(RAW DATA):
****************

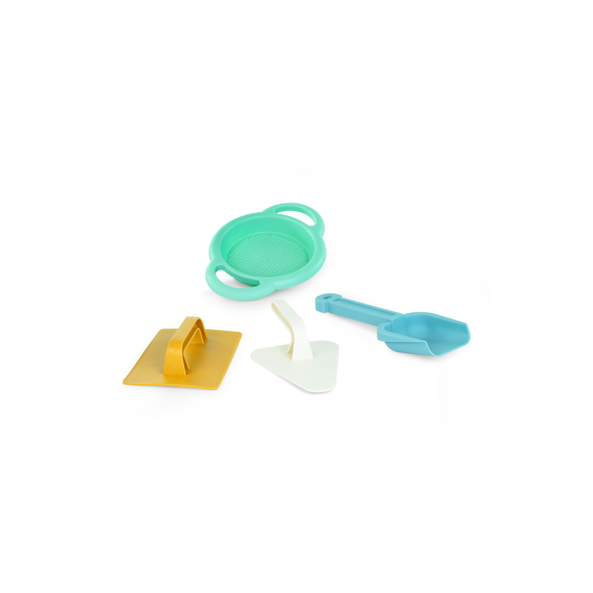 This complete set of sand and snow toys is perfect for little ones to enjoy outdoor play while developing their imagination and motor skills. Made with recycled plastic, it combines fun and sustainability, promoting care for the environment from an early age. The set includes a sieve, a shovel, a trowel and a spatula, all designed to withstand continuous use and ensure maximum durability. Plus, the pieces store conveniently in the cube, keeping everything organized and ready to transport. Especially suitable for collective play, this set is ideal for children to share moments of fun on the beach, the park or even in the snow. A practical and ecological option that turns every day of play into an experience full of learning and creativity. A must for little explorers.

****************

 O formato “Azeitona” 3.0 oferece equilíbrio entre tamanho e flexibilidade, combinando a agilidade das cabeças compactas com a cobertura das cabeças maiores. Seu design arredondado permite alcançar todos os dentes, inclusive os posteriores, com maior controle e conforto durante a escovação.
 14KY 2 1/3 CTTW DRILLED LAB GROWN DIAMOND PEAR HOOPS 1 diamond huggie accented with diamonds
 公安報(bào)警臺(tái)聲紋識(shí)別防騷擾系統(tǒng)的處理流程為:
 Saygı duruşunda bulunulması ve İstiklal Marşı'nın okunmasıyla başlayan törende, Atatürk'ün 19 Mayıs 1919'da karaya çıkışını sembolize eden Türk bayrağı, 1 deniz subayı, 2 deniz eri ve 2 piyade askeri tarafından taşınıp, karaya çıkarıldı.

****************

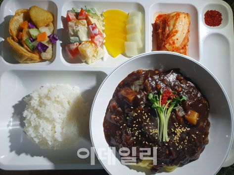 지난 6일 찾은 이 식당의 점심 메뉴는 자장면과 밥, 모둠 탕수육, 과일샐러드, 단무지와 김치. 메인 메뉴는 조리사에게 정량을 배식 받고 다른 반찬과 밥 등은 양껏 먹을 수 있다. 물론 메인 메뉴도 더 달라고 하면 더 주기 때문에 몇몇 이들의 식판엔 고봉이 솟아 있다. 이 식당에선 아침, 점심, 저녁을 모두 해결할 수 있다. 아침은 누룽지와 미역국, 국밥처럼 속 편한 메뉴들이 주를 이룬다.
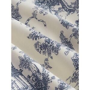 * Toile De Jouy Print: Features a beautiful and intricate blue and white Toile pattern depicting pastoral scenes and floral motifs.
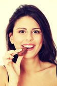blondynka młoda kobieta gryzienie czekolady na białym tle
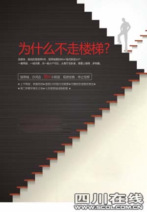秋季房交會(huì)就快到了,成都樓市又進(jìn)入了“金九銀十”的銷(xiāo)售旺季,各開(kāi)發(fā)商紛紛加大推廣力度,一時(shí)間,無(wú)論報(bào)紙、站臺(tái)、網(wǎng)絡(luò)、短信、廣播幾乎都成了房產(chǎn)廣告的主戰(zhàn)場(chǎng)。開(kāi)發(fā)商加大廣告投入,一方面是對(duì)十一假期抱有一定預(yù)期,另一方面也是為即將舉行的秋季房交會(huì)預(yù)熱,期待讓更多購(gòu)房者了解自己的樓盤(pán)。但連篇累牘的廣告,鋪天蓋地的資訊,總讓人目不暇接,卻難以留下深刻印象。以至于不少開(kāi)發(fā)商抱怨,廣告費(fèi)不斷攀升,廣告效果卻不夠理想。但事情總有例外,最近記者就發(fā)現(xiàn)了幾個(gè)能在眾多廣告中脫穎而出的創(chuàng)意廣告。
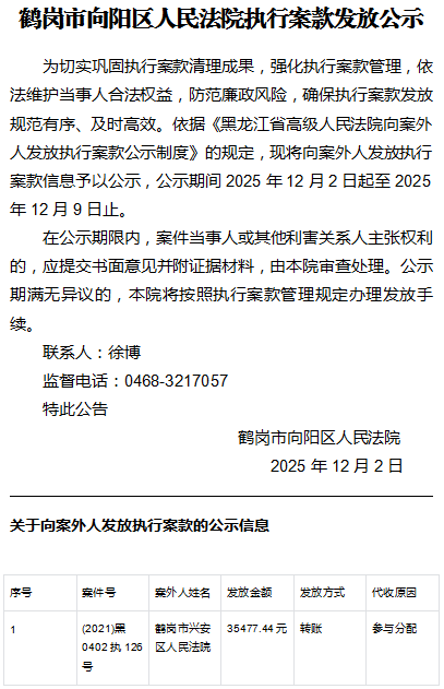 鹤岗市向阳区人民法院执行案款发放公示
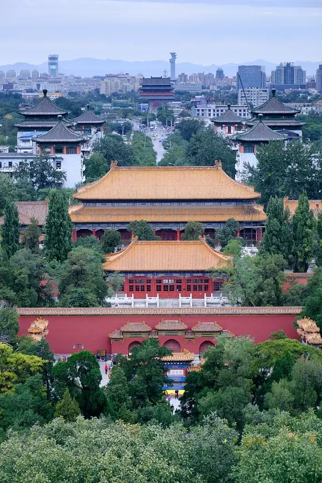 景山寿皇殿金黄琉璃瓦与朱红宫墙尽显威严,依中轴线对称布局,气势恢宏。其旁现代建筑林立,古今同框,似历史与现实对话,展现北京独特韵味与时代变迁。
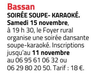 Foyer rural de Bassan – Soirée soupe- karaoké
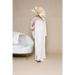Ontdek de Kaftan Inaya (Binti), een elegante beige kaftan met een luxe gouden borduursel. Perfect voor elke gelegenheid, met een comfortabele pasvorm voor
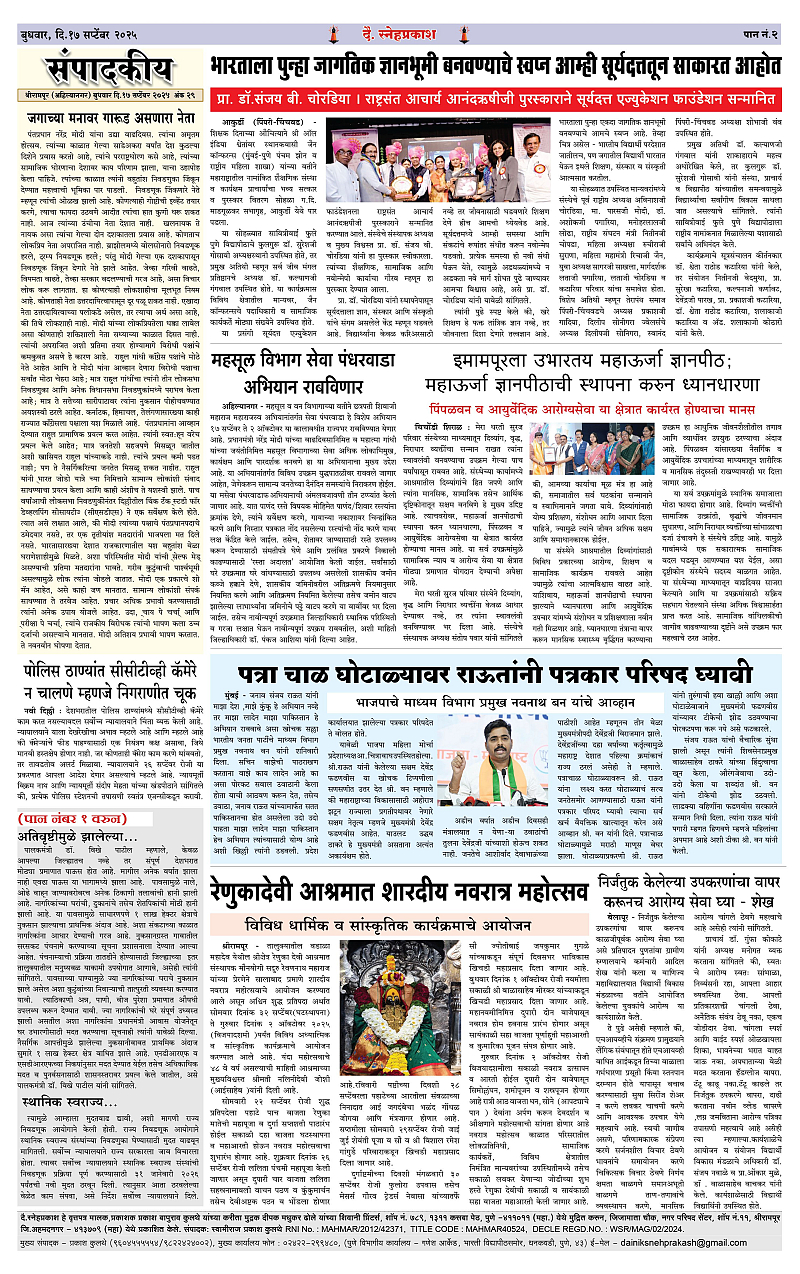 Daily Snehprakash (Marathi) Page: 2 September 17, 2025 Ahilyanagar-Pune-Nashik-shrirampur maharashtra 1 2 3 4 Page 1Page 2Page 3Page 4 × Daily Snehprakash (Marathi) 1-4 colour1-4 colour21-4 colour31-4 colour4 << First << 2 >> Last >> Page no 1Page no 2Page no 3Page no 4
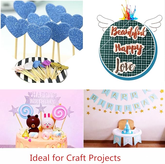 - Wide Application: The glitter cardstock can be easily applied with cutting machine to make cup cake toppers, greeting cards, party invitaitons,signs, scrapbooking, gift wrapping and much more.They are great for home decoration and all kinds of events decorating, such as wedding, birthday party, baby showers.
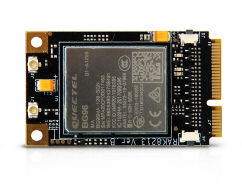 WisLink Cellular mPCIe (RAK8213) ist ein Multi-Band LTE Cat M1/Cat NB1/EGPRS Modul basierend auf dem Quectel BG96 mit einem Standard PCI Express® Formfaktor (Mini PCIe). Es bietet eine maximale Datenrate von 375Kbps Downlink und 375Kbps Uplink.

****************

(DIRECTIONS FOR THIS TASK): Restate word for word every line from the one with "and floral motifs." up to and including the one with "WisLink Cellular mPCIe" in the records above, minus the pictures.

(COMPLETED EXERCISE):
 * Toile De Jouy Print: Features a beautiful and intricate blue and white Toile pattern depicting pastoral scenes and floral motifs.
blondynka młoda kobieta gryzienie czekolady na białym tle
秋季房交會(huì)就快到了,成都樓市又進(jìn)入了“金九銀十”的銷(xiāo)售旺季,各開(kāi)發(fā)商紛紛加大推廣力度,一時(shí)間,無(wú)論報(bào)紙、站臺(tái)、網(wǎng)絡(luò)、短信、廣播幾乎都成了房產(chǎn)廣告的主戰(zhàn)場(chǎng)。開(kāi)發(fā)商加大廣告投入,一方面是對(duì)十一假期抱有一定預(yù)期,另一方面也是為即將舉行的秋季房交會(huì)預(yù)熱,期待讓更多購(gòu)房者了解自己的樓盤(pán)。但連篇累牘的廣告,鋪天蓋地的資訊,總讓人目不暇接,卻難以留下深刻印象。以至于不少開(kāi)發(fā)商抱怨,廣告費(fèi)不斷攀升,廣告效果卻不夠理想。但事情總有例外,最近記者就發(fā)現(xiàn)了幾個(gè)能在眾多廣告中脫穎而出的創(chuàng)意廣告。
 鹤岗市向阳区人民法院执行案款发放公示
 景山寿皇殿金黄琉璃瓦与朱红宫墙尽显威严,依中轴线对称布局,气势恢宏。其旁现代建筑林立,古今同框,似历史与现实对话,展现北京独特韵味与时代变迁。
 Foyer rural de Bassan – Soirée soupe- karaoké
Ontdek de Kaftan Inaya (Binti), een elegante beige kaftan met een luxe gouden borduursel. Perfect voor elke gelegenheid, met een comfortabele pasvorm voor
 Daily Snehprakash (Marathi) Page: 2 September 17, 2025 Ahilyanagar-Pune-Nashik-shrirampur maharashtra 1 2 3 4 Page 1Page 2Page 3Page 4 × Daily Snehprakash (Marathi) 1-4 colour1-4 colour21-4 colour31-4 colour4 << First << 2 >> Last >> Page no 1Page no 2Page no 3Page no 4
 - Wide Application: The glitter cardstock can be easily applied with cutting machine to make cup cake toppers, greeting cards, party invitaitons,signs, scrapbooking, gift wrapping and much more.They are great for home decoration and all kinds of events decorating, such as wedding, birthday party, baby showers.
 WisLink Cellular mPCIe (RAK8213) ist ein Multi-Band LTE Cat M1/Cat NB1/EGPRS Modul basierend auf dem Quectel BG96 mit einem Standard PCI Express® Formfaktor (Mini PCIe). Es bietet eine maximale Datenrate von 375Kbps Downlink und 375Kbps Uplink.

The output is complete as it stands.